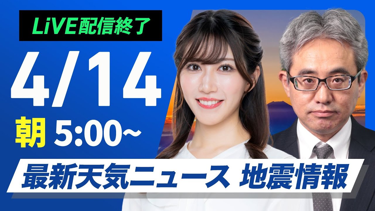 【ライブ配信終了】最新天気ニュース・地震情報 2025年4月14日(月)/西日本で雷雨のおそれ 北日本も風雨強まる〈ウェザーニュースLiVEモーニング・魚住茉由/本田竜也〉
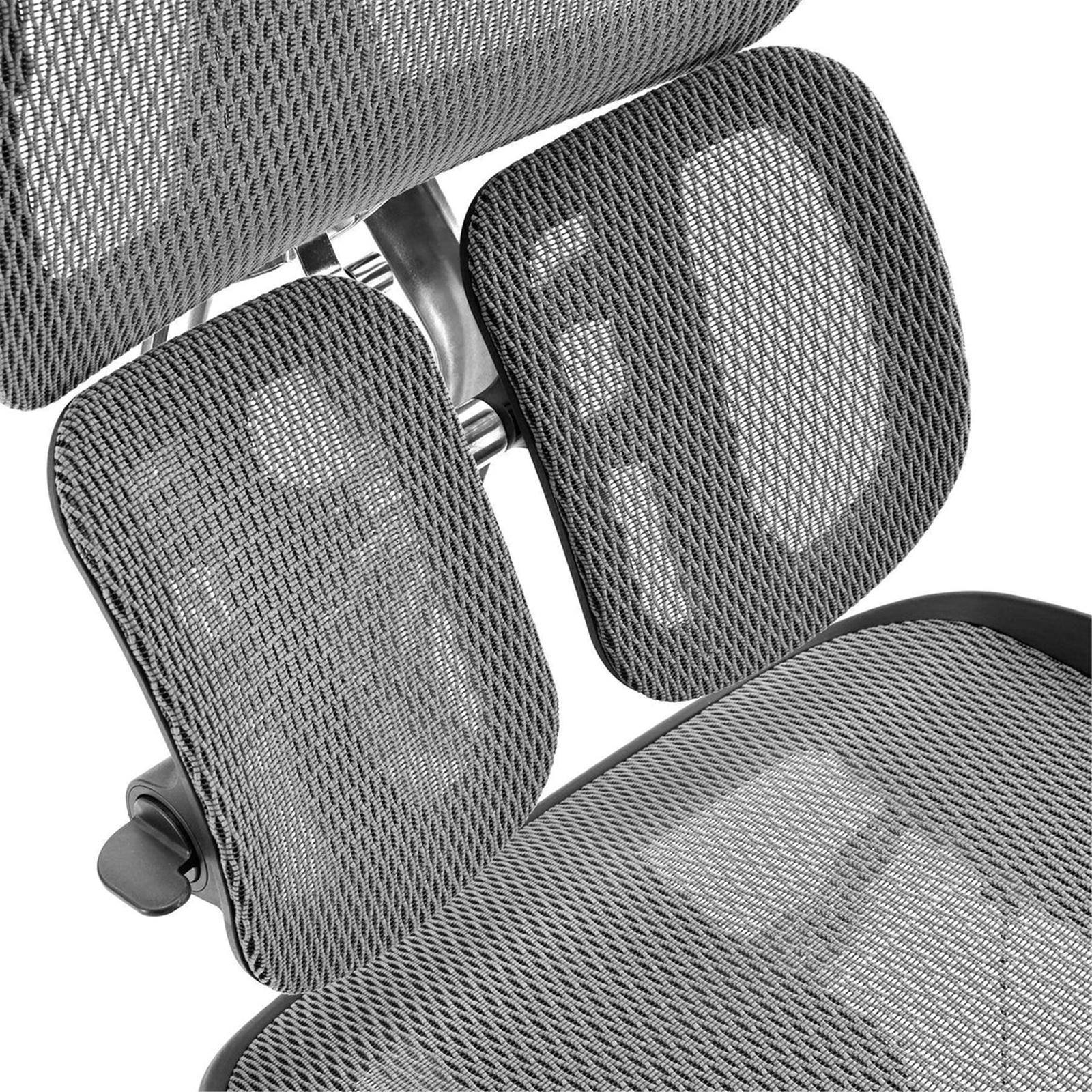 The dual dynamic lumbar support, shaped like wings, consists of two distinct pads to deliver adaptable and comprehensive lower back support. This feature accommodates a variety of body shapes and sitting positions. Additionally, the gas lift allows for precise lumbar adjustment between 90° and 105°, ensuring a perfect fit for every user.
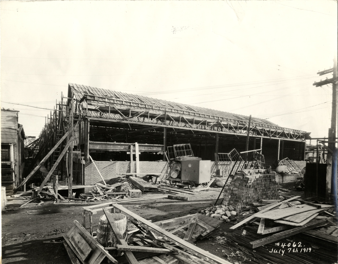 View of the Maxwell Motor Company factory during construction. Construction materials and debris in foreground. Printed on front: "July 7th, 1919." Stamped on back: "Manning Bros., commercial photographers, 22-24 Witherell St., Detroit, Michigan." Handwritten on back: "Factories--Maxwell."
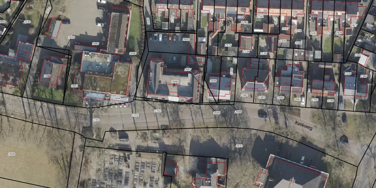 Kerkweg 16-01 is gelegen op kadastraal perceel HLD01F2696. Deze kadastrale aanduiding is uniek en wordt gebruikt door het Kadaster om eigendomsrechten en andere zakelijke rechten vast te leggen. Het perceel maakt onderdeel uit van de kadastrale gemeente Hellendoorn.
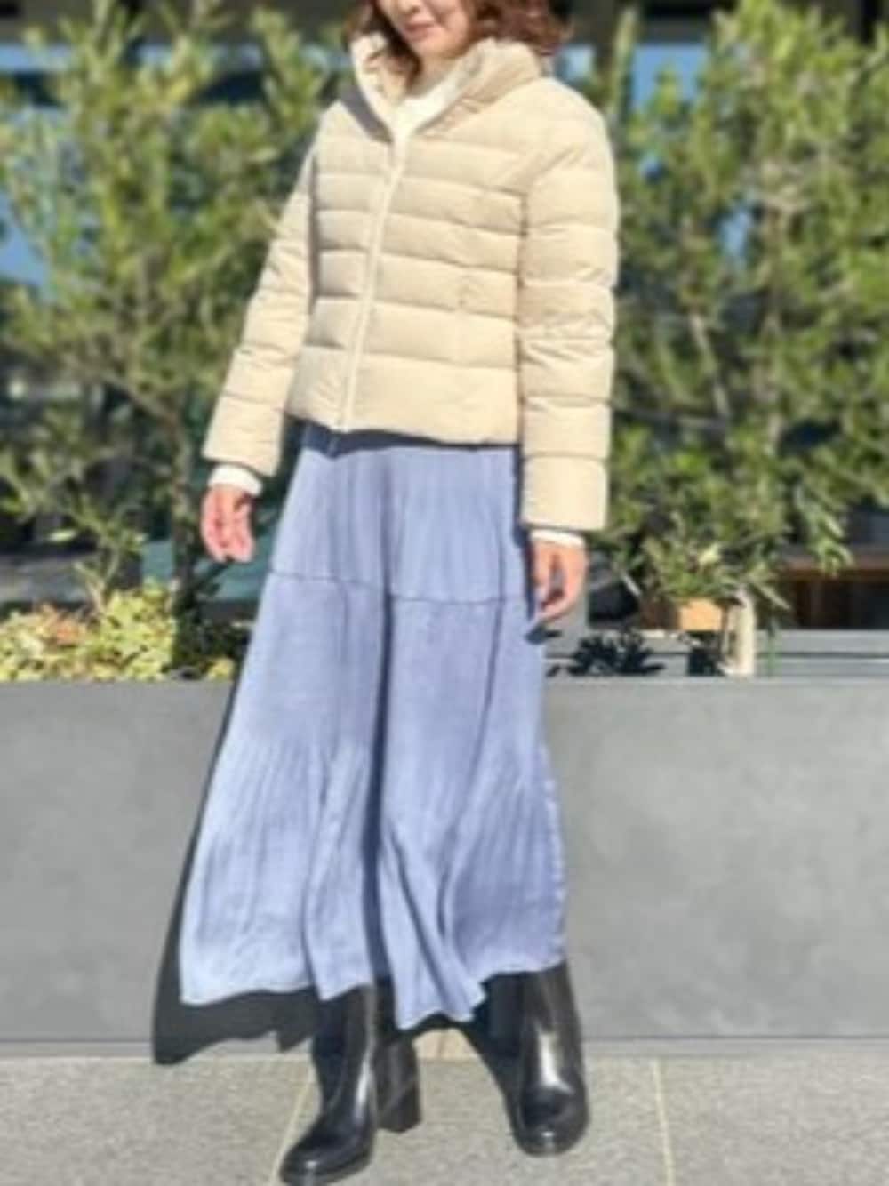 〈ストレッチダウンⅡ×ルーナサテンスカート〉 ◆軽やかな着心地と伸縮性のある素材が動きやすさを叶え、すっきりとしたシルエットでカジュアルになりすぎず、STRAWBERRY-FIELDSらしい上品さを保ちます。 ◆ファーは取り外し可能で、シーンや気分に合わせて印象チェンジができるのも魅力。 ◆上品なツヤを放つルーナサテンを使用した、軽やかに揺れるランダムプリーツスカート。 ◆ウエストはすっきりと仕上げつつ、ぐるりとゴムで履き心地も快適。裾へ向かって優雅に広がるシルエットで、身体のラインをきれいに見せてくれる一枚です。 ◆女性らしさとエレガンスを兼ね備えた、シーズン問わず使える万能プリーツスカートです。
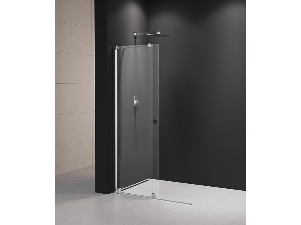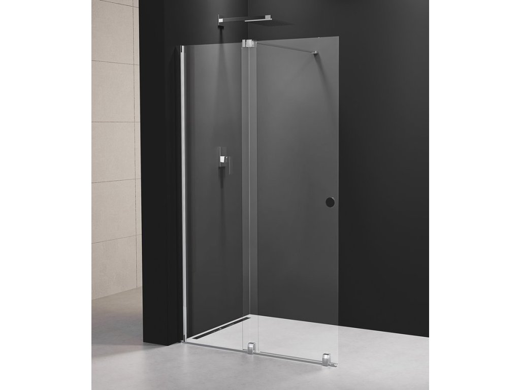 - Dvojdílné sprchové dveře do prostoru (pevná a posuvná část) s hliníkovými profily v chromu nebo matně černé povrchové úpravě

■ ■ ■ ■ ■

:: Required work ::
Could you repeat, exactly and with nothing else, the lines from the first line of the records through the line containing "Kerkweg 16-01 is"? Leave out the pictures.

:: Solution to this task ::
 【ライブ配信終了】最新天気ニュース・地震情報 2025年4月14日(月)/西日本で雷雨のおそれ 北日本も風雨強まる〈ウェザーニュースLiVEモーニング・魚住茉由/本田竜也〉
 The dual dynamic lumbar support, shaped like wings, consists of two distinct pads to deliver adaptable and comprehensive lower back support. This feature accommodates a variety of body shapes and sitting positions. Additionally, the gas lift allows for precise lumbar adjustment between 90° and 105°, ensuring a perfect fit for every user.
 View of the Maxwell Motor Company factory during construction. Construction materials and debris in foreground. Printed on front: "July 7th, 1919." Stamped on back: "Manning Bros., commercial photographers, 22-24 Witherell St., Detroit, Michigan." Handwritten on back: "Factories--Maxwell."
 Kerkweg 16-01 is gelegen op kadastraal perceel HLD01F2696. Deze kadastrale aanduiding is uniek en wordt gebruikt door het Kadaster om eigendomsrechten en andere zakelijke rechten vast te leggen. Het perceel maakt onderdeel uit van de kadastrale gemeente Hellendoorn.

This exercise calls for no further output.